Подколзин яростно запыхтел, его подбородок взмыл еще выше. Лицо обиженного коня выразило почти страдание.

— Нечего так переживать, — примирительно сказал Яков Дьяков. — Я говорю для твоей же пользы.

— О, конечно, — усмехнулся Подколзин. — Московский дорожник... кто ж я еще? Воздушный шарик, тобой надутый, создание твоих рук, пустышка, сам по себе ничего не значу. При этом с завышенной самооценкой — как Маркашов или Демьянов. Скажи уж прямо — чего стесняться?

— Довольно, — оборвал его Дьяков. — Ты окончательно оборзел. Пашу на него с утра до ночи и вместо признательности имею скулеж, истерику, визг, монологи в ложноклассицистской манере. В конце концов все в твоих руках. Выдь на Волгу или на площадь и заяви, что “Кнут” не написан, что все это — адский эксперимент, пародия, мистификация. Ради бога, никто тебе не препятствует.

Подколзин спрятал в ладонях голову и долго тискал ее, тихо всхлипывая. Потом еле слышно проговорил:

— Не могу.

— Ах, не можешь...

— Да. Не могу. Я уже привык к поклонению.

Дьяков удовлетворенно сказал:

— То-то. Так нечего хулиганить.

Подколзин утер влажные очи и тихо выдохнул:

— Не понимаю, почему ты мне все же не позволяешь увидеть Глафиру Питербарк?

— Потому что это слишком опасно, — терпеливо объяснил Яков Дьяков. — Декадентки это такие кобры! Для игр с ними ты простодушен. По закону дискретности тебя вычленят, расчленят, разложат на элементы. Глафира Питербарк в два мгновения парализует твою слабую волю. Она потребует твоей рукописи, чтоб сделать из нее свой талмуд. Что ты ей скажешь — беспомощный, млеющий, не способный к сопротивлению, зависящий от ее доброго взгляда, даже от взмаха ее ресниц?

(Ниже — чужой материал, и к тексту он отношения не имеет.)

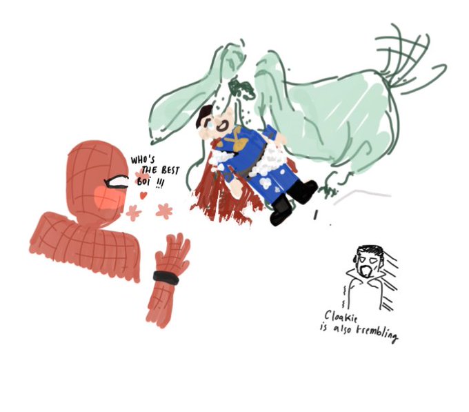 @Hnybnny It's not like he prefers his Spidey plushie ( just a little bit more) but it's is for sleeping and the Strange one is for play time Uwu

После паузы Подколзин сказал:

— Не думай, что я слепой и глухой. Я знаю, что ты для меня не жалел ни времени, ни труда, ни сил, сделал ты для меня немало. Но было бы много великодушней, если бы тем, что ты расплескал на всех этих посторонних людей, и тем, что ты изложил в статье, ты бы однажды со мной поделился. Как Пушкин с Гоголем. Знаешь, Дьяков, мне требовалась только подсказка. Первый толчок. Ничего больше.

— Всего-то?

— Да, да, представь себе. Можешь презрительно ухмыляться, но я давно пришел к этим выводам. Легкий толчок — я бы все написал.

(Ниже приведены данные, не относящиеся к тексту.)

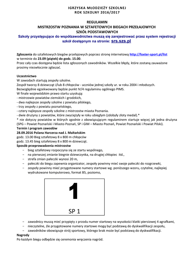 IGRZYSKA MŁODZIEŻY SZKOLNEJ ROK SZKOLNY 2016/2017 REGULAMIN MISTRZOSTW POZNANIA W SZTAFETOWYCH BIEGACH PRZEŁAJOWYCH SZKÓŁ PODSTAWOWYCH Szkoły przystępujące do współzawodnictwa muszą się zarejestrować przez system rejestracji szkół dostępnym na stronie: srs.szs.pl Zgłoszenia do sztafetowych biegów przełajowych poprzez stronę internetową http://foxter-sport.pl/list w terminie do 23.09 (piątek) do godz. 15.00. Przez cały czas dostępna będzie lista zgłoszonych zawodników. Wszelkie błędy, które zostaną zauważone prosimy niezwłocznie zgłaszać. Uczestnictwo W zawodach startują zespoły szkolne. Zespół tworzy 8 dziewcząt i/lub 8 chłopców - uczniów jednej szkoły ur. w roku 2004 i młodszych. Bezwzględnie egzekwowany będzie punkt IV/4 regulaminu ogólnego PIMS. W finale wojewódzkim prawo startu uzyskują: - mistrzowie powiatów ziemskich i grodzkich, - dwa najlepsze zespoły szkolne z powiatu pilskiego, - trzy zespoły z powiatu poznańskiego, - cztery najlepsze zespoły szkolne z mistrzostw miasta Poznania. - dwie drużyny z powiatów, które zwyciężyły w roku ubiegłym (zdobyły złoty medal).* * nie dotyczy powiatów w których zgodnie z obowiązującym regulaminem startuje więcej jak jedna drużyna (SPG – Powiat Poznański i Miasto Poznań, SP i GIM – Miasto Poznań, Powiat Poznański i Powiat Pilski). Termin i program zawodów 28.09.2016 Polana Harcerza nad J. Maltańskim godz. 13.00 Bieg sztafetowy 8 x 800 m chłopców godz. 13.45 bieg sztafetowy 8 x 800 m dziewcząt. Sposób przeprowadzenia mistrzostw - bieg sztafetowy rozpoczyna się ze startu wspólnego, - na pierwszej zmianie biegnie dziewczynka, na drugiej chłopiec itd., - strefa zmian pałeczki wynosi 20 m, - pałeczki do biegu zapewnia organizator, zespoły powinny mieć swoje pałeczki do rozgrzewki, - zespoły powinny mieć przygotowane numery startowe wg. poniższego wzoru, czytelne, najlepiej wydrukowane komputerowo, format B5, poziomo, SP 1 - zawodnicy muszą mieć przypięty z przodu numer startowy na wysokości klatki piersiowej 4 agrafkami, - nieczytelne, źle przygotowane numery startowe mogą być podstawą do dyskwalifikacji zespołu, - zawodników obowiązuje strój sportowy, którego brak może być podstawą do dyskwalifikacji. Nagrody Po każdym biegu odbędzie się ceremonia wręczenia nagród.

— Глуп ты, Подколзин, — сказал Яков Дьяков. — Хотя и социальный мыслитель. Если б ты все это написал, никто бы не прочел, не заметил.

— Глафира бы прочла и заметила, — горестно прошептал Подколзин.

— Далась же тебе эта Глафира. — Дьяков покачал головой. — Не слушаешь, что тебе говорят. Все скроены по одному лекалу.

— Но не она, — сказал Подколзин. — Ах, Господи Боже, только подумать: ведь кто-то же обладает ею.

— Да, разумеется. Время от времени.

— И кто же сейчас? — спросил Подколзин.

— В настоящее время — я. Поскольку она полна тобою, то я — естественный местоблюститель.

— Ты — сатана... — прохрипел Подколзин.

— Опять ты за свое, — сказал Дьяков, впрочем, взглянув на него с сочувствием. — Пойми же, что я тебя заслоняю. Эту безумную энергетику нужно было ввести в берега. Ее увлечение “Кнутом” грозило автору катастрофой.

Подколзин повторил:

— Сатана. И сластолюбец. Откуда ты взялся?

— Сказать тебе? Хорошо. Так и быть. Я — ипсилонец.

— Что это значит? — нервно осведомился Подколзин.

Дьяков оскалился:

— Гость из космоса. Есть такая планета, Егорий. Название у нее мудреное и длинное, никакой землянин не запомнит, и для вашего брата мы его сократили до буковки. Одной-единственной. Ипсилон.

— Ах вот что. И как же ты здесь очутился?

— Я здесь бываю в командировках. Периодически.

— И надолго?

Дьяков сказал:

— Да нет, не очень. Прилетаю к вам на денек-другой.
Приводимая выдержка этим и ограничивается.